Netanyahu seems to want international involvement in the mechanisms –
apparently ignoring the painful and all too often learned lesson that the
determination of Arab violations is more a question of the national agendas
and interests of the foreign observers than the reality on the ground.

There are those that argue that Palestinian intransigence can be counted on
to keep all this irrelevant since they will never come close to final status
terms that are acceptable to Israel.

But that could be a very dangerous assumption.

The Arabs could still surprise Israel and seize the opportunity created by
an American president who is clearly determined not to let reality interfere
with his shoving his agenda down Israel’s throat.

And in the absence of more substance in the Netanyahu team’s public
discourse of the “demilitarized state” issue, don’t be surprised if – under
American pressure – all that remains is the appointment of an American
compliance monitoring group/

A monitoring group that will always, of course, report the truth.

That is – unless the truth doesn’t serve American interests.

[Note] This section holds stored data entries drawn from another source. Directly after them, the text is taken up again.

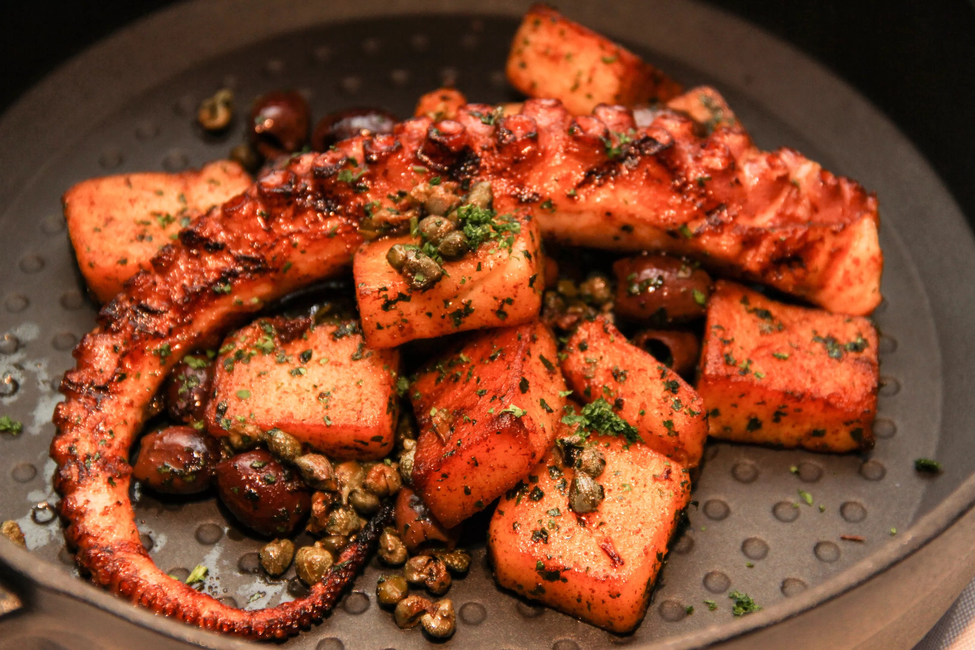 There’s also octopus – al lagareiro pulpo – served in a cast-iron skillet ($27) and a Cajun-spice-crusted beef tenderloin served with pumpkin-Gorgonzola risotto ($37). All appetizers are offered until 4 a.m., including croquettes filled with duck and Serrano ham and garnished with Grana Padano cheese foam ($14) and truffle arancini stuffed with Gouda infused with truffle and saffron ($10).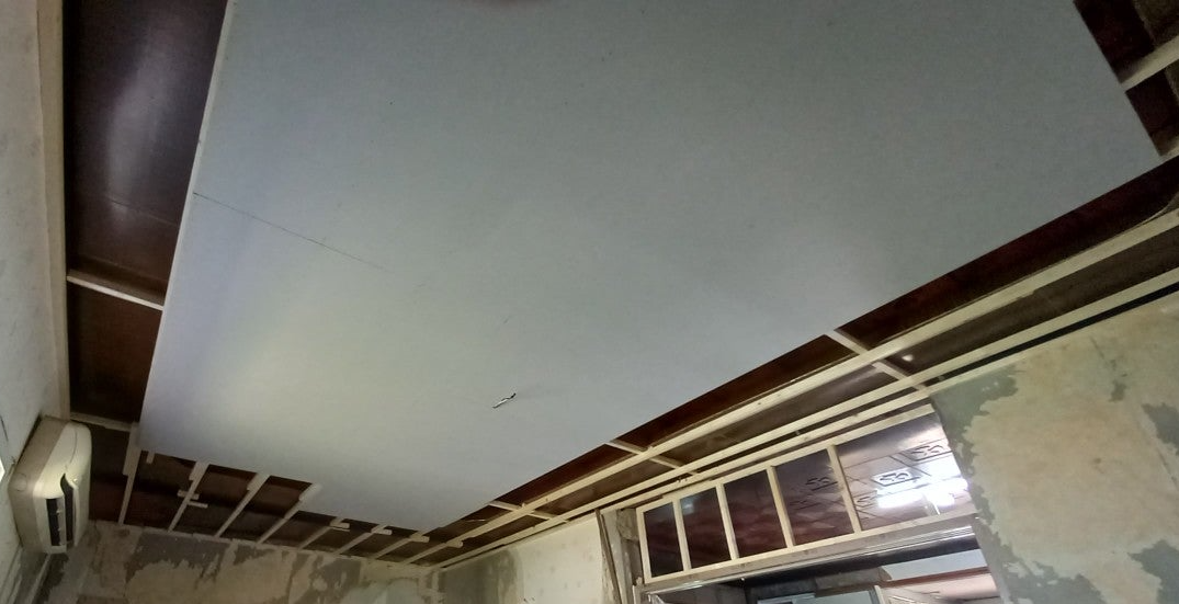 사진설명 : 이 공간은 처음 상담 때 천장 공사를 하지 않기로 결정했던 곳이다. 외관상 큰 이상이 없어 보였고, 벽 도배만으로도 정리가 가능해 보였다. 하지만 기존 마감재를 유지한 채 작업에 들어가기 전, 레이저 레벨기로 수평을 다시 확인했다. 측정 결과, 천장 중앙부 처짐이 약 10cm 이상. 이 상태에서 천장을 건드리지 않고 벽만 도배할 경우, 벽지는 천장 라인을 따라 심하게 쏠리게 된다. 결과적으로 마감은 깔끔해 보이지 않고, 안 한 것보다 못한 인테리어가 될 가능성이 높았다.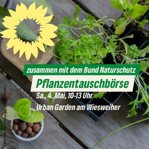 Bring am 04.05.2024 deine Gemüse-Pflänzchen, Blümchen, Kräuter, Zimmerpflanzen, Ableger, Kakteen, Büsche, was bei Dir zu viel ist und tausche ein gegen andere Sorten und Arten- alles ohne Gebühren oder sonstige Kosten! Wir freuen uns auf die gemeinsame Aktion mit dem Bund Naturschutz und allen, die mit dazu kommen!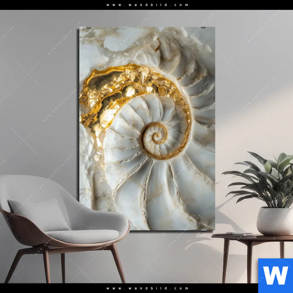 Alu-Dibond Bild | Muschelspirale mit Gold | Hochformat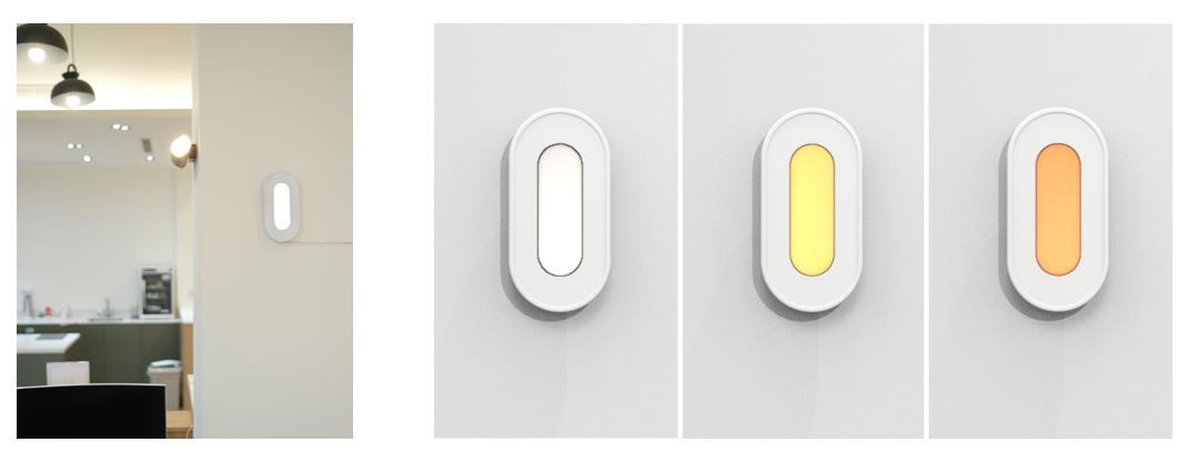 提示燈的設計概念乃是呈現休憩室的互動狀況與人群氣氛,透過在休 憩事外安裝的紅外線感應裝飾,以紀錄進出人數,再經由燈光的閃爍、色 澤變化,使辦公室的上班族能夠了解此刻茶水間的情況(如圖 5 左),並決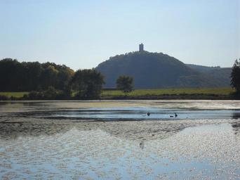 Keywords: rodder maar brohltal maar waters vulkaneifel landscape forest mood nature blue sky no cloud water mirroring reflection olbrück castle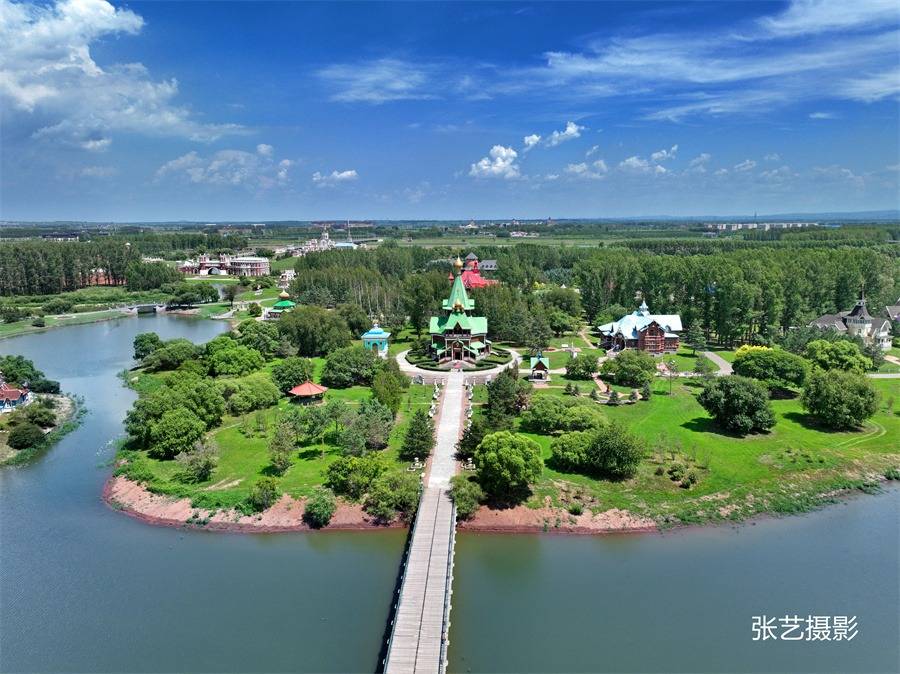 漫步在伏尔加庄园,随处可以看到圣·尼古拉教堂、彼得洛夫艺术宫、普希金沙龙、伏特加酒堡、三只熊乐园等建筑,庄园里环境清幽,风景秀丽,蕴含着天然醇朴的自然气息。有大片的园林和滩涂湿地,蜿蜒曲折的阿什河流过庄园,水连水,桥连桥,一派优美的田园风光。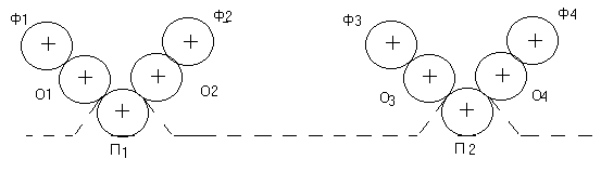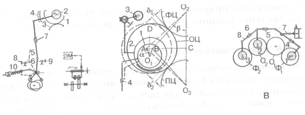 В офсетных машинах с четырехцилиндровыми печатными секциями давление регулируют в трех зонах: Ф1 ‑O1 , O1 –О2 , О2 –Ф2 (сх. в) поворотом втулок 1, 2, 3. В каждой зоне давление устанавливают индивидуально гайками 4, 5, 6 при неподвижном звене 7. Для того чтобы при регулировке давления в паре О1 –О2 гайкой 5 не нарушалось отрегулированное в зоне О2 –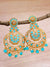 Gold-Plated, SeaGreen Kundan & Pearl, SkyBlue Long Danglers Earrings for Women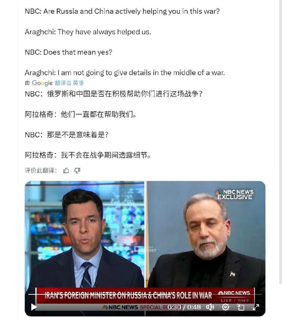 伊朗外长没说中俄帮它打仗,网上那段NBC采访是假的。查了一圈,正规媒体根本没这回事,连伊朗外交部官网都没提过。 最近网上疯传阿拉格齐在NBC上滴水不漏地回应中俄援助问题,其实压根没这采访。CNN、福克斯、NBC自己都搜不到视频和文字稿。伊朗官方也一直强调反击全是自己干的,没找别人帮忙。 中国和俄罗斯也早说了,不向伊朗提供武器,也没参与这次冲突。俄伊搞过海军演习,但那是早前安排好的,没实弹也没联合指挥。中国更是一直在联合国推动谈,连原油采购都按规矩来。 阿拉格齐最近几次出镜,聊的全是导弹射程、核谈判、自卫合法性这些。他反复讲伊朗能自己搞定,不是吹牛,是真把地下工厂、无人机部队、防空系统都列过清单了。 美国天天说伊朗背后有“大靠山”,可情报机构到现在也没掏出一张清晰照片或一段通话记录。所谓“中俄暗中支援”,听着挺带感,实际连个边都没沾上。 网上传得越玄乎,越得翻翻官网、看看外媒原始报道。不然光听二手话,脑子容易被带偏。 真假难辨,信息太多,干脆别信没出处的。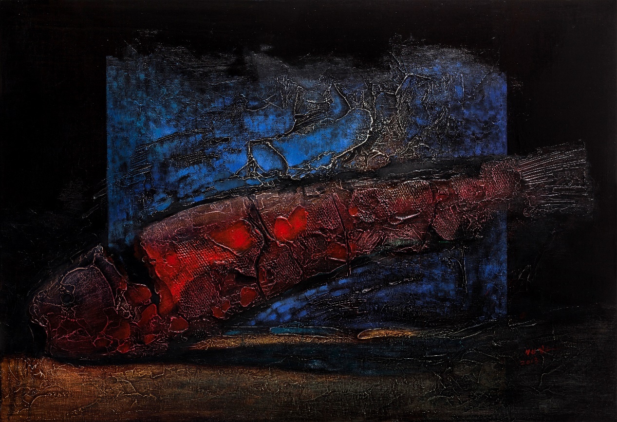 本次的展览主题——“北水无形”,主要展出了艺术家北水创作的“鱼”和“罂粟花”主题系列作品,包括了油画、漆画、版画、装置等在内的多种表现题材与材质,作品多以个体生命对生命的内在感受为主线,以鱼作为图式符号或直接以油画材质本身的物性和单纯的色彩表达对生命的敬畏、关爱、无奈……,画面厚重、忧郁、诗意,直指生命本质。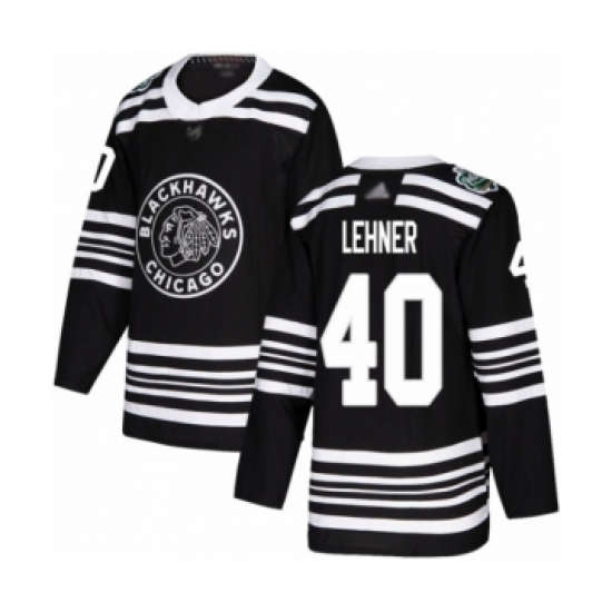 >Youth Chicago Blackhawks #40 Robin Lehner Authentic Black 2019 Winter Classic Hockey Jersey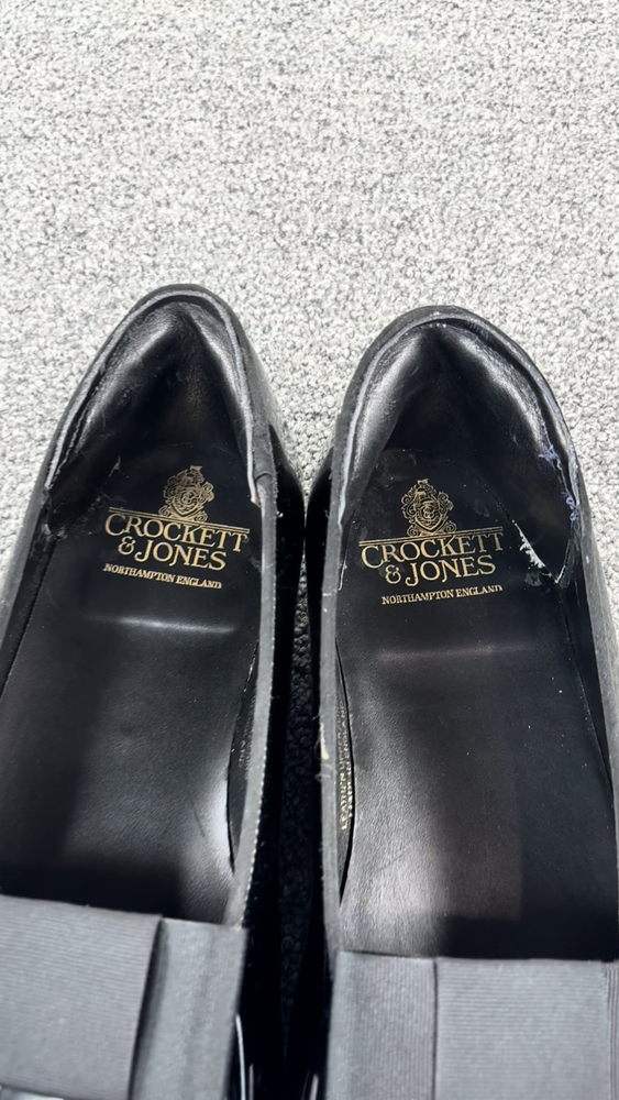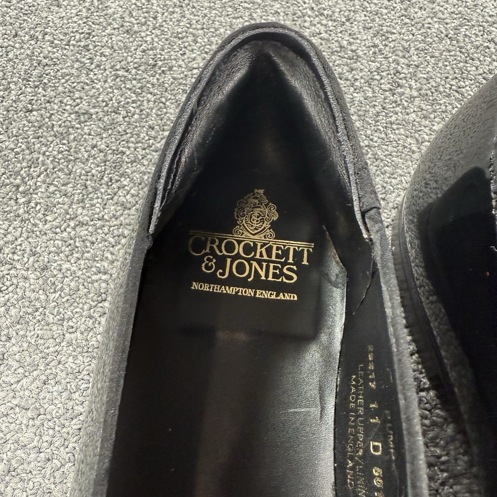 Crockett Jones Men Tux Opera Patent Leather Pump Shoes 10.5 D England *Altered*. Item is in good preowned condition normal signs of use as pictured. The shoes have been altered to fit like a US 10.5. There is additional material professionally stitched into the ankle area to make the fit smaller, see photos/ video

  1. One cannot expect Netanyahu to a greater champion for the land of Israel than the people themselves.
    Likkud condoned the Saudi peace plan in its americanized guise, the Road Map. Likkud’s senior partner Yisrael Beytnu’s platform calls for partition as a means to keeping the jewish majority while disposing o unwanted Arab occupied land. As for the other coalition parties, they all condone the partition plan in one way or another. The only party unwilling to foster any kind of partition hardly passed under the bar, and is firmly ensconced in the opposition ranks. That being the case why shouldn’t Netayahu give the people what they want which is a terrorist state living along side the jewish state, and prosecuting a war of attrition till the Jews cave in? Not even the massacres perpetrated by the PA for eight long years, 1994-2002 did not compell the people to demand an end to the Arab occupation of the Land of Israel. A cold analysis of the facts leads to the conclusion that only a massive casualty toll concentrated in the costal region where the majority of Jews live might cause the seismic shift away from the partition plan. Apparently Netanyahu has realized Sharon’ mistake of a premature, limited operation that puts a temporary cap on terror but does nothing alleviate the main problem: The Arab occupation. This’ a least is Benny Morris’ analysis, already in 2004.